**WHAT THE TASK REQUIRES:** Within the entries below, please return exactly the lines from the one with "The ceremony concluded" through the one with "orange book cover", leaving out any pictures.

**RECORDS SUPPLIED:**

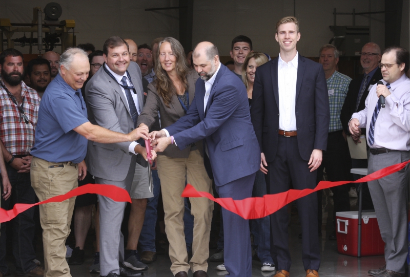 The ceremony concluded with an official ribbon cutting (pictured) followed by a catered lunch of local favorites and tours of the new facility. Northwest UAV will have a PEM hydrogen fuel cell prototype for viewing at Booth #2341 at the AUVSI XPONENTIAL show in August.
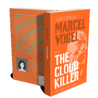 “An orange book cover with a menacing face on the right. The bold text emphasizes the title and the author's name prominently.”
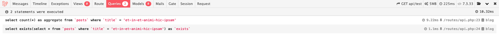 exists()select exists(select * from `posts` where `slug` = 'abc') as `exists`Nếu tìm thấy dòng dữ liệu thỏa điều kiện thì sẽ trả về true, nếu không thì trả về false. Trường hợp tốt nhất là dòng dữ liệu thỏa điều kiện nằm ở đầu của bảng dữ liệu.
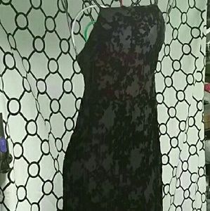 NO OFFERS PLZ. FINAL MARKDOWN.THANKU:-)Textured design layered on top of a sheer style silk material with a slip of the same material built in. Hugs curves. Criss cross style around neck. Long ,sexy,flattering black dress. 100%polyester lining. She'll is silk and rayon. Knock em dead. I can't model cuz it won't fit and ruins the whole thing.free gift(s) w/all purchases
--
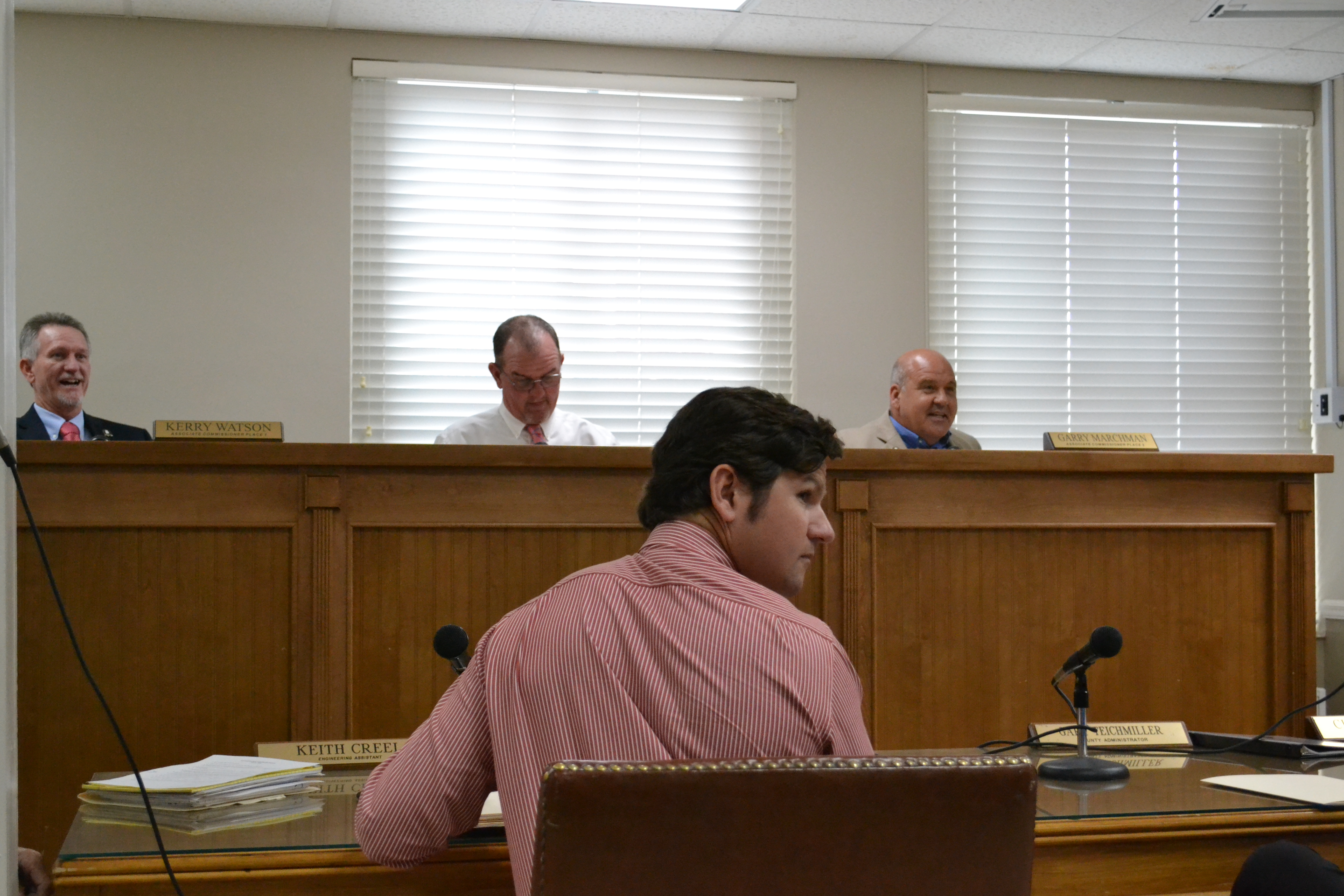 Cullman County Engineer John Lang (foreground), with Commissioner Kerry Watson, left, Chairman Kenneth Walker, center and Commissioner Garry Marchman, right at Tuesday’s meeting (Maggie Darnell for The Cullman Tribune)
---
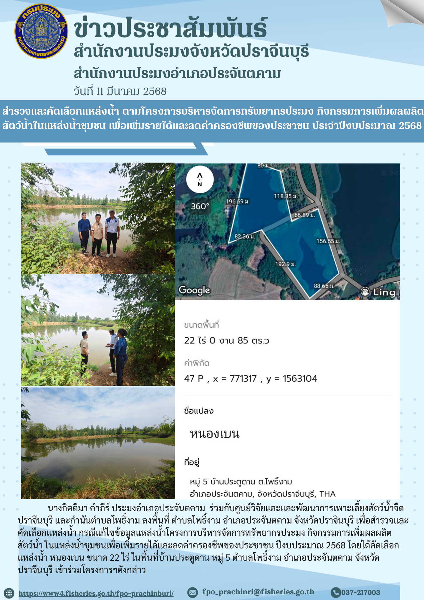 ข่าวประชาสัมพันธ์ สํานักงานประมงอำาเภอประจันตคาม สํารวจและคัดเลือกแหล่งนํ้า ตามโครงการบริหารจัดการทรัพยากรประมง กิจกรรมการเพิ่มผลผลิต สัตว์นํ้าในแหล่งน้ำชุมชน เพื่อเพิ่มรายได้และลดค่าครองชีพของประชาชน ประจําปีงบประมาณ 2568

**ANSWER:**
 The ceremony concluded with an official ribbon cutting (pictured) followed by a catered lunch of local favorites and tours of the new facility. Northwest UAV will have a PEM hydrogen fuel cell prototype for viewing at Booth #2341 at the AUVSI XPONENTIAL show in August.
 “An orange book cover with a menacing face on the right. The bold text emphasizes the title and the author's name prominently.”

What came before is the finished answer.